La première période, celle de Cimabue, Giotto et Duccio, est loin d’être parfaite, mais elle est « un point de départ » auquel on peut accorder quelque « gloire ; même si les œuvres elles-mêmes, jugées selon les règles de l’art, ne le méritent pas ».
Dans la seconde période, celle de Botticelli et de Fra Angelico, « le dessin, le style est plus soigné, le soin plus  approfondi. La rouille et la vieillesse, la maladresse, les disproportions dues à la grossièreté de l’époque précédente ont disparu. »
Mais c’est seulement la « troisième période qui mérite toute notre admiration. On peut dire avec certitude que l’art est allé aussi loin dans l’imitation de la nature qu’il est possible d’aller ». Donc, il n’est pas possible d’aller plus loin. Il n’y a plus d’histoire de l’art possible. S’il ne régresse pas (cette régression est toujours possible comme le montre le moyen âge par rapport à l’art antique), l’art ne peut que reproduire sa propre perfection à l’infini. Il aurait en quelque sorte atteint sa « vérité » ou son « essence ».

Évidemment cette conception de l’art et de son histoire peut nous paraître obsolète bien qu’elle ait des échos et des partisans aujourd’hui encore. C’est la façon de la présenter qui change. En tout cas, concernant Vasari, il faut la replacer dans son contexte. Cependant, même dans son contexte, ce concept d’un art unifié et ordonné à partir de ses dogmes est très loin de correspondre à la réalité de la vie artistique.

Les artistes eux-mêmes remettront sans cesse en question les dogmes « éternels » avancés par Vasari. Ils sont d’ailleurs contradictoires avec cette pluralité que nous avons évoquée, de quelque façon qu’on la comprenne. En ce sens, les Vies (de Vasari) représentent un point d’orgue, la fin d’une époque et son triomphe et, comme il le dit lui-même, la volonté de la pérenniser. C’est donc le refus de nouveaux codes qui est affirmé là, et cela est logique, puisque ceux présentés par Vasari sont censés être « vrais » universellement, c’est-à-dire vrais pour tous les temps, passés, présents et à venir. En cela, son livre constitue une tentative d’unification et de mise en ordre, incompatible avec la vie de l’art, qui est autocréation continue. Mais en même temps, le livre de Vasari formalise un projet artistique qui est aussi indispensable à l’art. Vasari, comme tous les artistes théoriciens de la Renaissance, engage une auto réflexion sur l’art qui se prolongera au XVII° siècle avec des gens comme Félibien ou Roger de Piles. Par eux s’affirment des codes et, par eux, aussi s’affirme la possibilité de les dépasser (ou de les contourner).
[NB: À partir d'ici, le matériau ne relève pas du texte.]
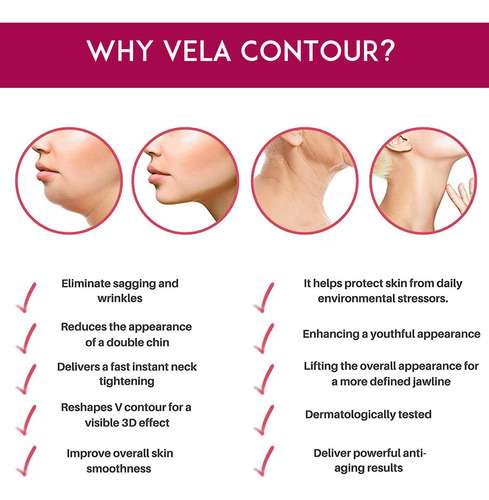 Você pode ser tão bonita por fora quanto por dentro, graças aos cuidados antienvelhecimento da Anacis Vela Contour. Este creme dinâmico atua como um removedor de queixo duplo, mas não para por aí. Se você tem um rosto bonito e jovem, não deixe que a pele flácida ao redor da mandíbula o sobrecarregue e prejudique sua vida social. Esqueça os cremes hidratantes simples que são pesados, gordurosos e não condicionam a pele. Use o leve Creme Firmador Vela Contour V da Anacis para esculpir sua pele com sua fórmula firmadora de pescoço. Recupere um contorno limpo ao longo da linha da mandíbula e um formato de rosto aprimorado graças à maior firmeza que você experimenta em cada aplicação. Aproveite esta oportunidade para recuperar a suavidade e a textura com este creme e sérum de ação rápida. Você pode remodelar o contorno do seu rosto para obter um efeito 3D perceptível. – Recupere sua mandíbula juvenil: o conjunto V-Line de alta qualidade da ANACIS oferece um poderoso efeito restaurador, ajuda a esculpir e modelar a pele sob o queixo e pescoço, ajudando você a recuperar uma aparência de linha V mais definida. – Usando ingredientes da melhor qualidade, o sérum de máscara repara, hidrata e nutre profundamente sua pele. Reduza os sinais de envelhecimento, pescoço flácido e queixo duplo. O conjunto Anacis V-Line reduz os sinais visíveis de envelhecimento no queixo e pescoço para que a pele pareça mais firme, levantada e tonificada de maneira mais uniforme. – Para ampliar os benefícios da máscara Vela Contour, o conjunto inclui uma alça de pescoço confortável e ajustável. Feita com materiais macios e respiráveis, essa pulseira abraça suavemente a mandíbula e o pescoço, fornecendo pressão consistente para suportar os efeitos firmadores. Por meio de propriedades aprimoradas de circulação e tonificação, a alça de pescoço contribui para um queixo, pescoço e mandíbula mais firmes e contornados, tudo sem a necessidade de procedimentos invasivos. – Segredo de beleza coreano: experimente o encanto do conjunto coreano V-Line. Rejuvenesça e hidrate sua pele, obtenha uma linha V mais firme e mais definida e queixo duplo menos visível — Feito na Coreia de alta qualidade: fabricados na Coréia, esses lençóis elásticos de alta qualidade oferecem um forte efeito lifting, apertando e modelando eficazmente a linha do rosto para uma aparência mais jovem.
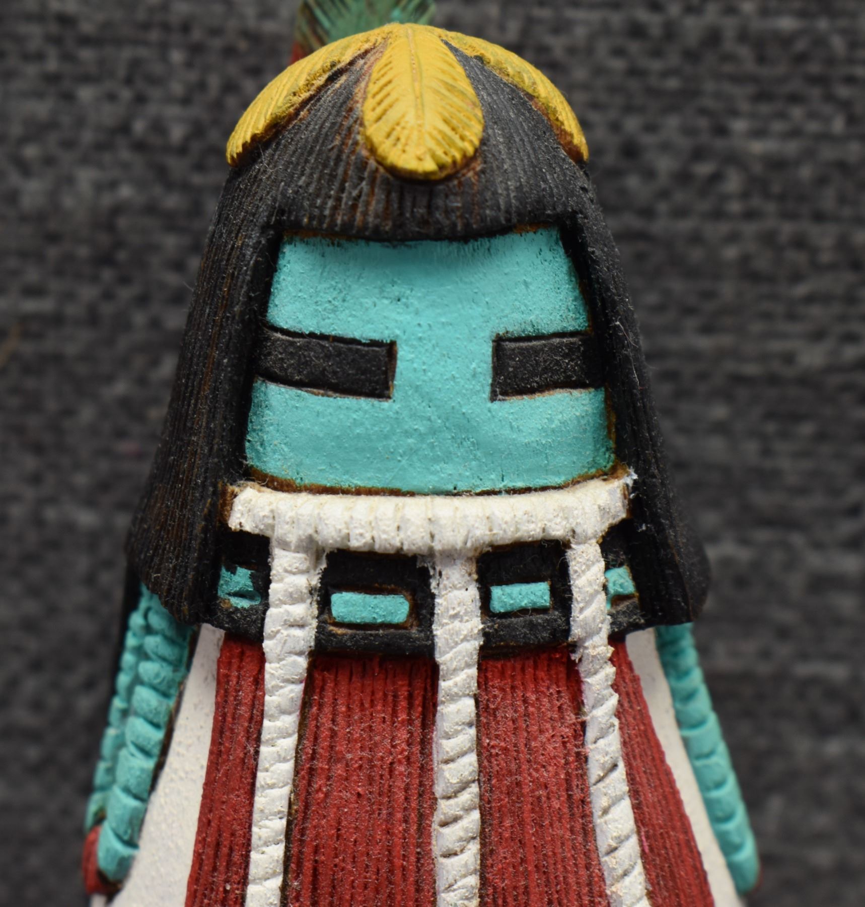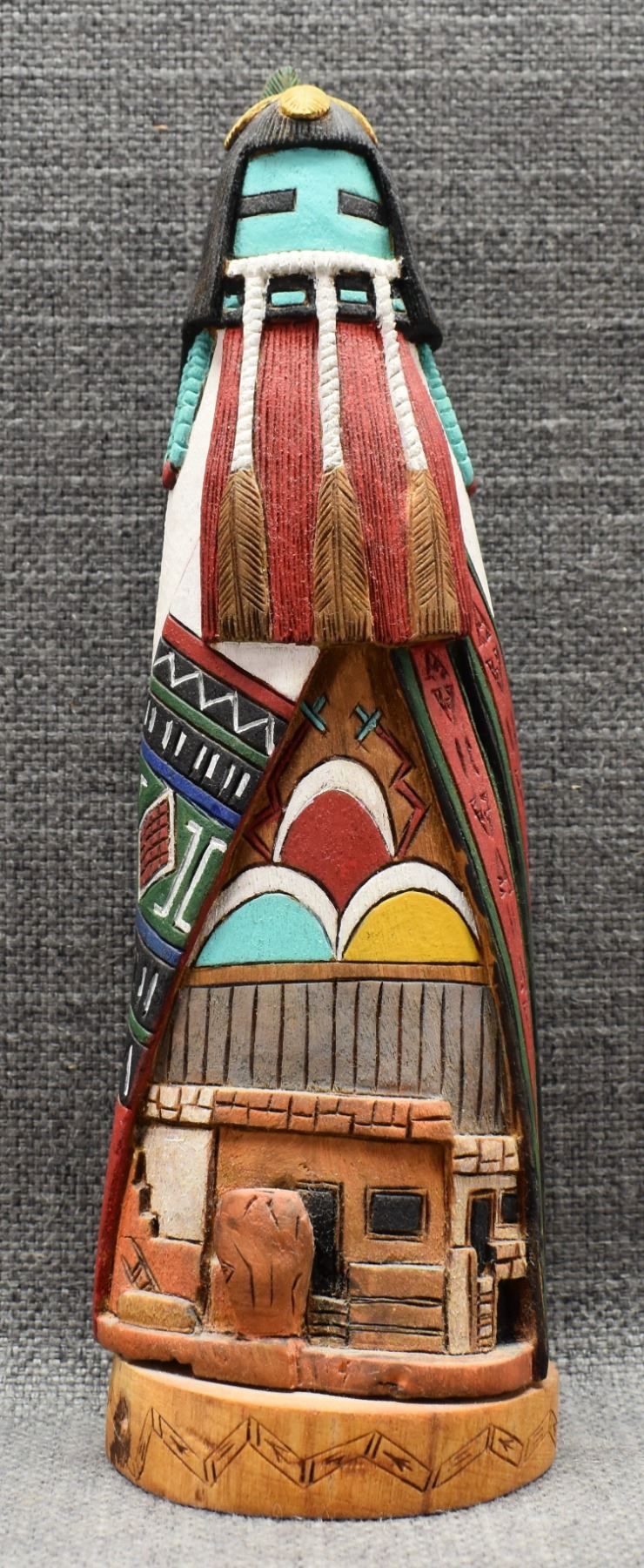 1990's Hopi/Tewa kachina depicting Maiden over pueblo scene. 9" x 2.5"
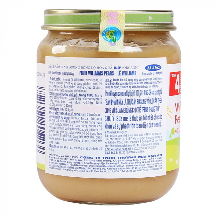 Thức ăn dinh dưỡng đóng lọ HiPP 125g lê Williams

En ce sens, bien que par le mode pensée, ils refusent l’idée d’une remise en question des codes ou de leurs dépassement, ce sont pourtant eux qui en donnent la possibilité. Car il est bien sûr, impossible de penser le dépassement des codes sans leur affirmation préalable. Voir dans les Vies de Vasari un livre dogmatique serait porter un jugement anachronique.

LE DEPASSEMENT

C’est sans doute pour prendre en compte cette impossibilité de figer les codes que la question au  programme met en avant le balancement : de l’affirmation des codes à leur dépassement. D’une façon générale, la question pose un problème réel, puisqu’il est dans la nature de l’art de remettre sans cesse en cause (de les dépasser) ses propres codes. Cependant, la question du concours ne pose pas cette question en général, mais dans le cadre limitatif de la période imposée. Or qu’en est-il pour cette période très précise sur le point, tout aussi précis, des représentations de l’espace ? Il faut bien reconnaître – sans donner pour autant raison à Vasari – qu’à  partir du XVI° siècle, la perspective s’impose à peu près partout, même si l’opposition entre perspective linéaire et curviligne reste d’actualité et même si le concept est revisité par les philosophes, les mathématiciens, et les spécialistes de l’optique (ces trois approches pouvant fort bien être le fait du même homme, comme c’est le cas avec Descartes par exemple). Mais cela suffit-il pour qu’on puisse parler de dépassement ? Une fois encore, le concept suppose l’émergence d’un autre en tant que négation du premier, autrement dit l’émergence de nouveaux codes de représentation de l’espace, nés de la perspective, mais qui la nient en même temps. Donc, en clair, qui ne sont plus de la perspective.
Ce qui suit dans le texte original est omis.